Şimdiye dek ortaya çıktığı kadarıyla binlerce insanın yasadışı yollarla ya da yasaların -yetkilerin suiistimal edilerek dinlenmesi, şantaj ya da itibar suikastı için mahrem görüntülerin kaydedilmesi, adli hukuki soruşturmaların siyasi operasyonlara dönüştürülmesi, MİT TIR’larına ülkenin milli menfaatlerine halel getirecek şekilde müdahale edilmesi gibi olaylardan bahsediyoruz.

Bu suçların-olayların faili konumundaki insanların cemaat mensubu olduğunu ve cemaat hiyerarşisine uygun, kamu hiyerarşisine aykırı şekilde davrandığını bize düşündürten ise cemaat temsiliyeti olan kişilerin ve yayın organlarının suçlamaları reddedip filleri ve failleri sahipleniyor olması.

28 Şubatta suçsuz insanların cezalandırıldığını, en temel haklarının gasp edildiğini, burada ise hukuk içinde görünen, devletin verdiği yetkilerle suçların işlendiğini unutmamak gerekir.

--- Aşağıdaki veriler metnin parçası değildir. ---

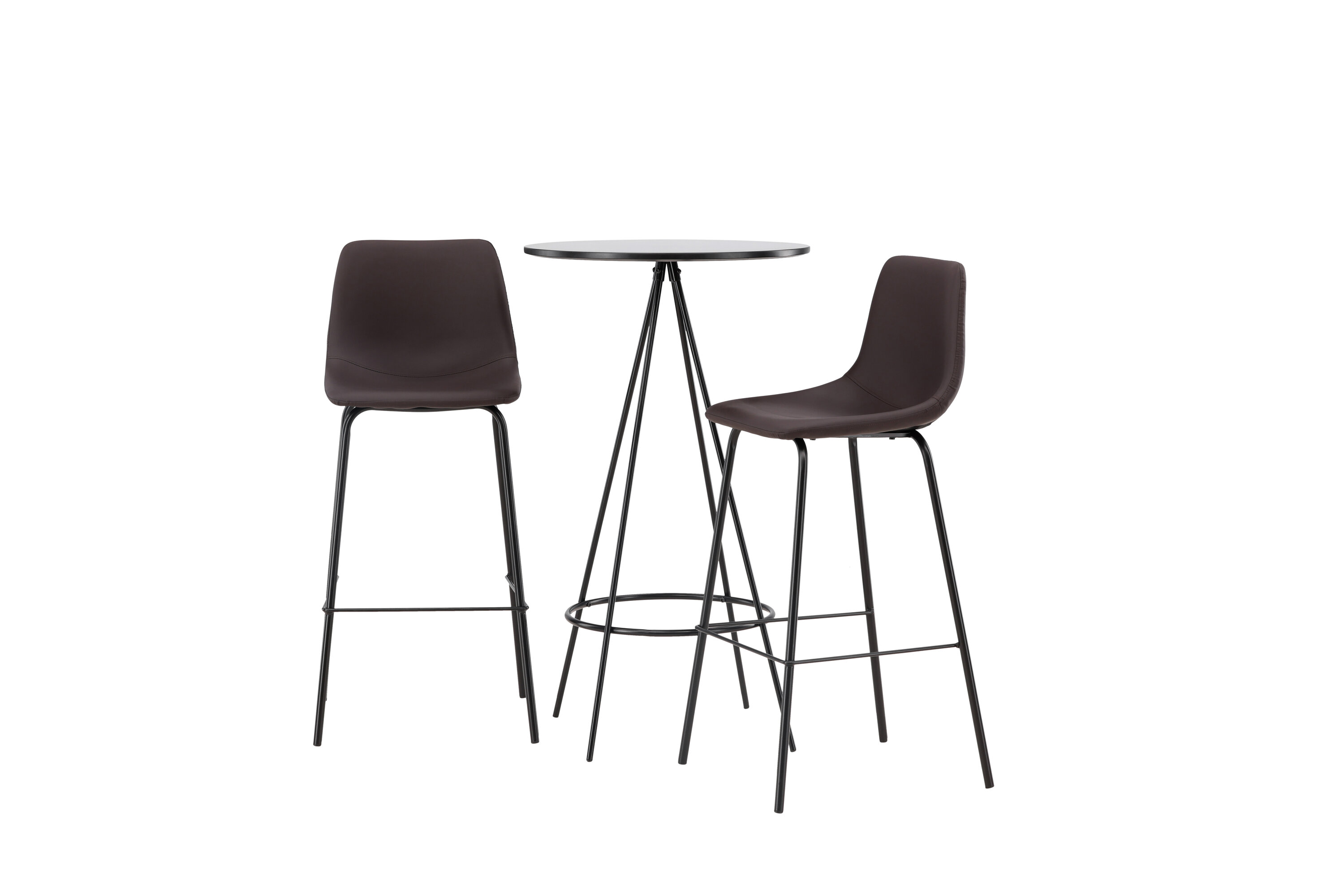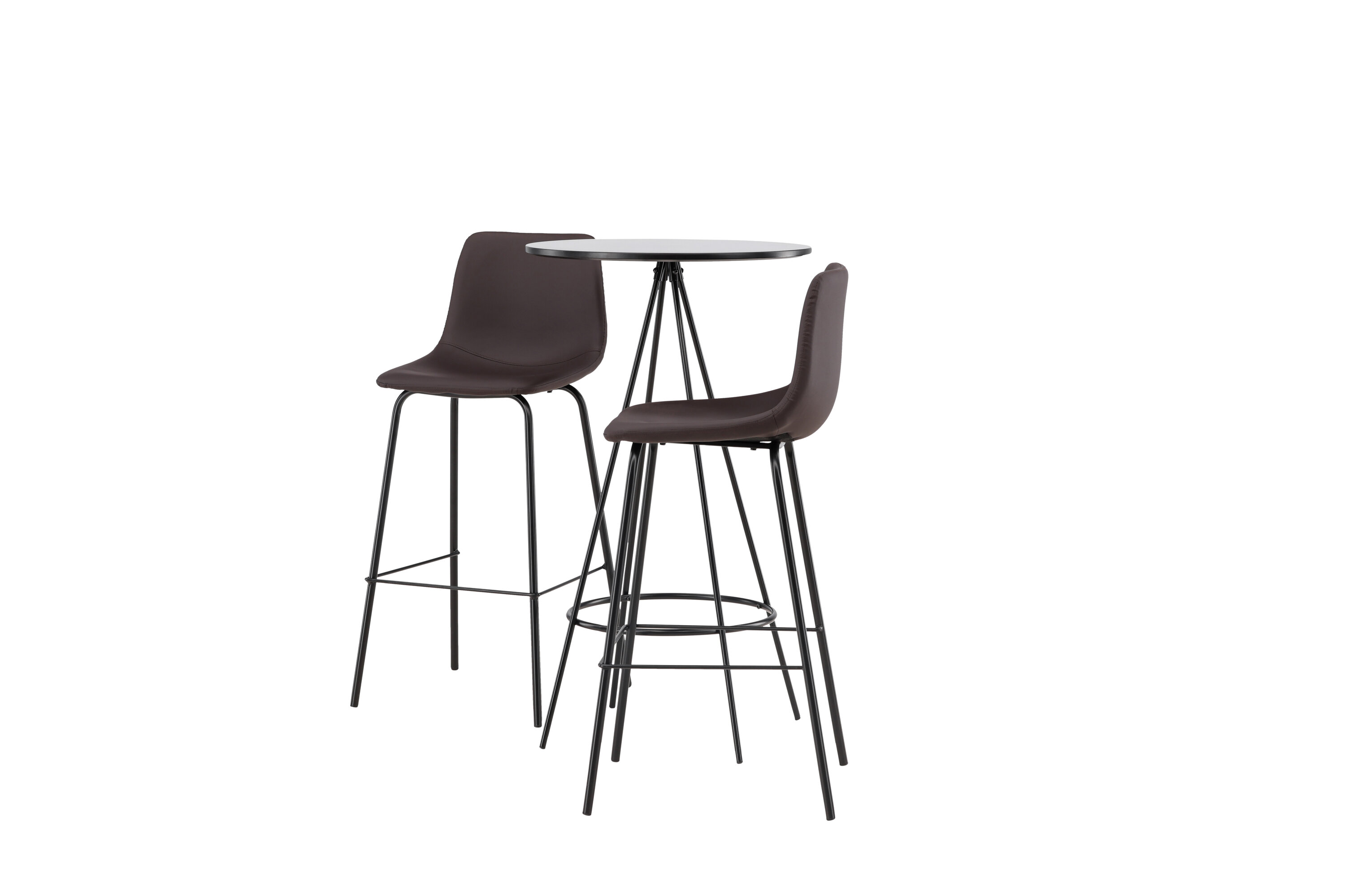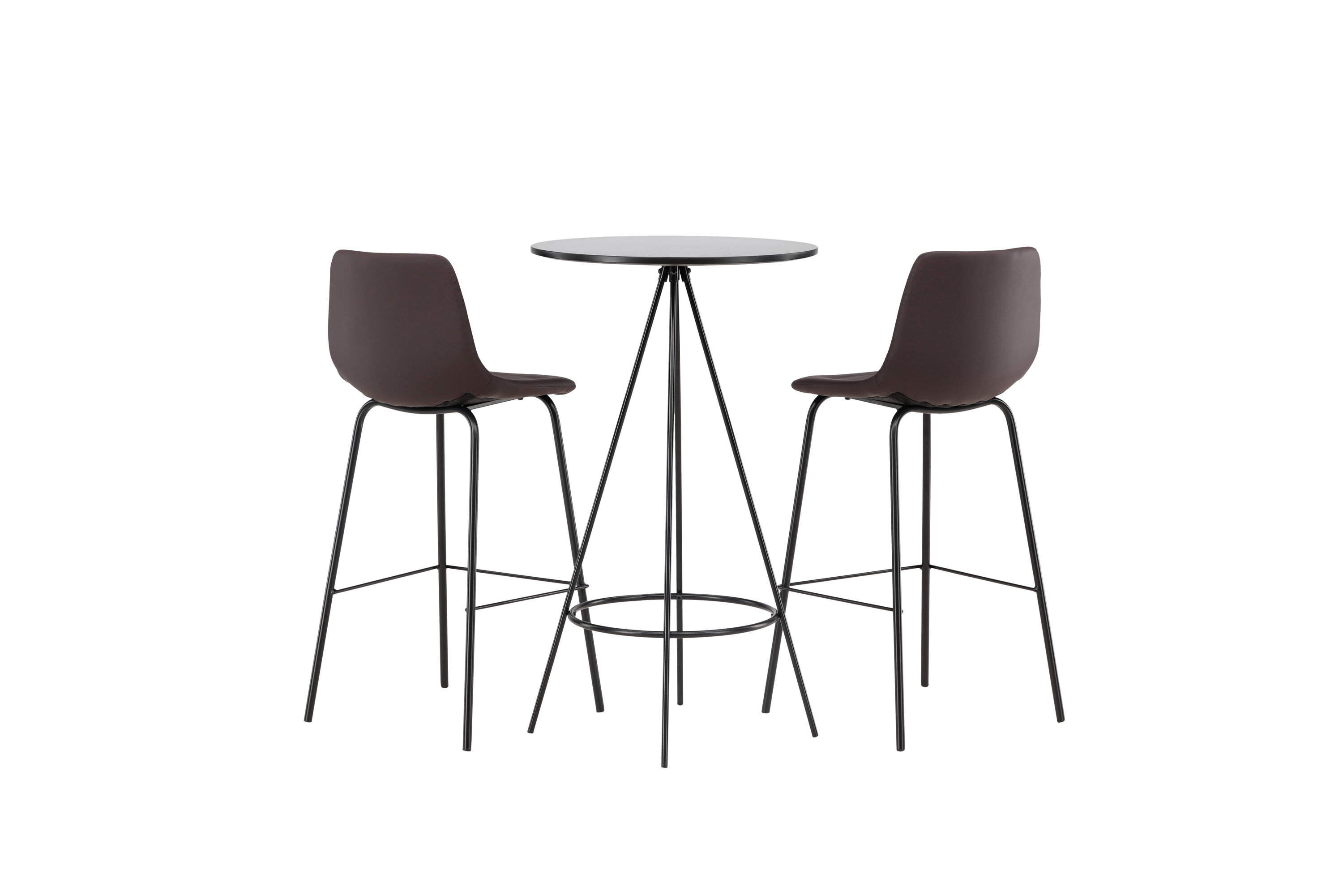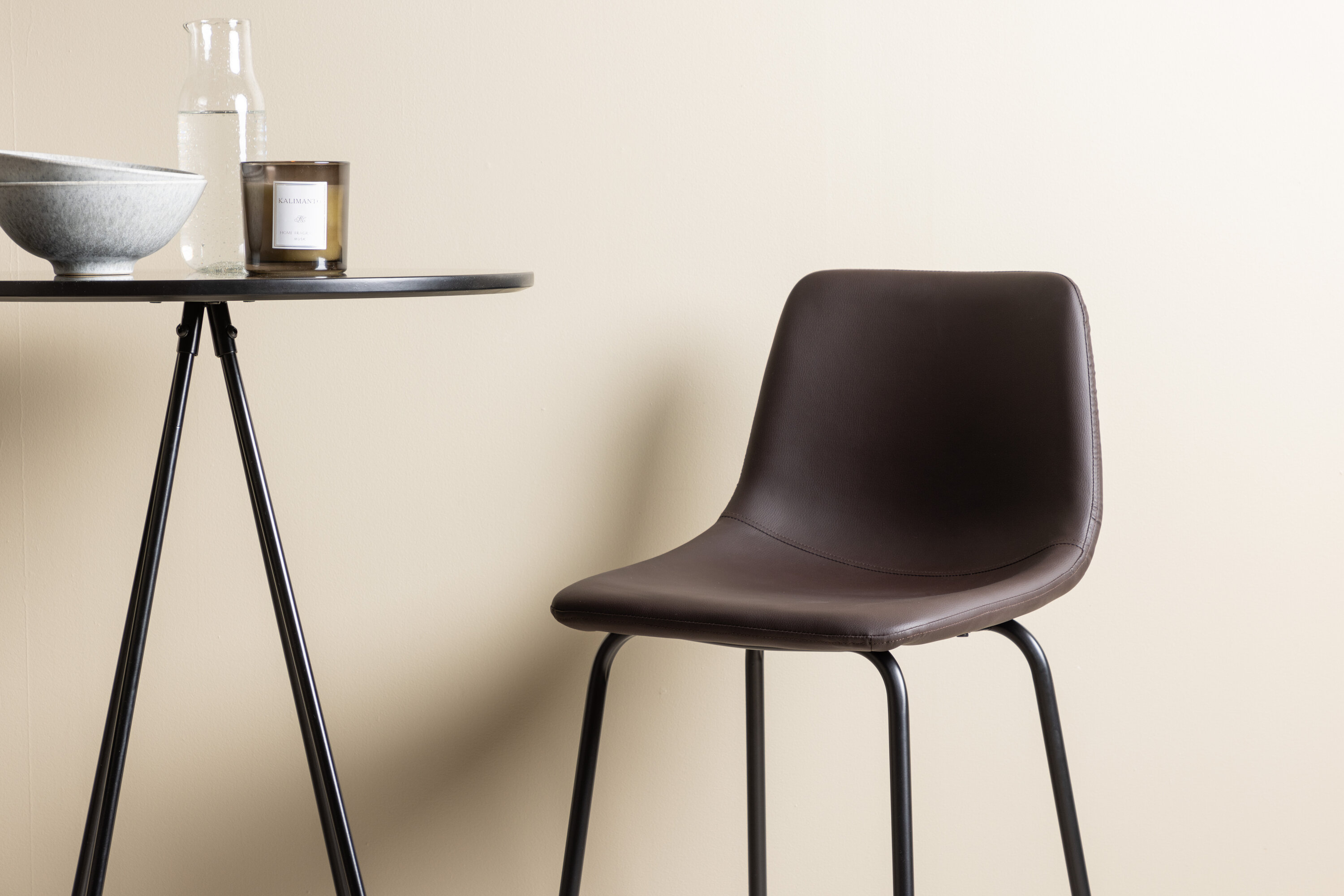 Stoffeer slim in moderne, aardse tinten! De Bistro bartafel heeft een minimalistisch, Scandinavisch design met een rond tafelblad in zwart MDF met fineer. De luchtige, kegelvormige tafelpoten zijn licht uitlopend in zwart metaal en hebben een geïntegreerd frame voor de voetensteun. Hier in stijlvolle combinatie met bruine barkrukken uit de Alexi serie. Het ontwerp is goed doordacht met een volledig gestoffeerde stoel in bruin gestoffeerd polyurethaanleer en polyester en smalle poten in zwart gepoedercoat metaal met geïntegreerde voetsteun voor extra comfort. Welkom thuis bij een trendbestendige bargroep! Tafelafmetingen: 60 cm.

Kuvvetli ihtimalle, devletteki tehdit algısını pekiştiren birkaç temel nokta daha var. MGK’dan böyle bir karar çıkıyorsa devletin elinde somut başka bilgiler bulgular olmalı. Kamuoyuna yapılan açıklamalarda bunu bu netlikte görmesek de Cumhurbaşkanından başlayarak devleti yönetenlerin dinlenmesiyle elde edilen kozmik bilgilerin nereye servis edildiğinin bilinmezliği muğlaklığı dolayısıyla tehdidi artıran bir neden sayılmalı.

Ama asıl zor ve zorlayıcı olan, uyuyan hücrelere ne yapılacağı. Paralel yapının devletin her yerinde var olması bir yana, 17 Aralık sürecinde tecrübe edildiği üzere bir yerden düğmeye basılmış gibi harekete geçebildiği ama o hareket başlatılmadığı yani suç mahallinde bulunulsa da suça teşebbüs edilmediği müddetçe hukuk devleti içinde -haliyle kimseye dokunulamayacak olması da devletin teyakkuz halini artırıyor olabilir.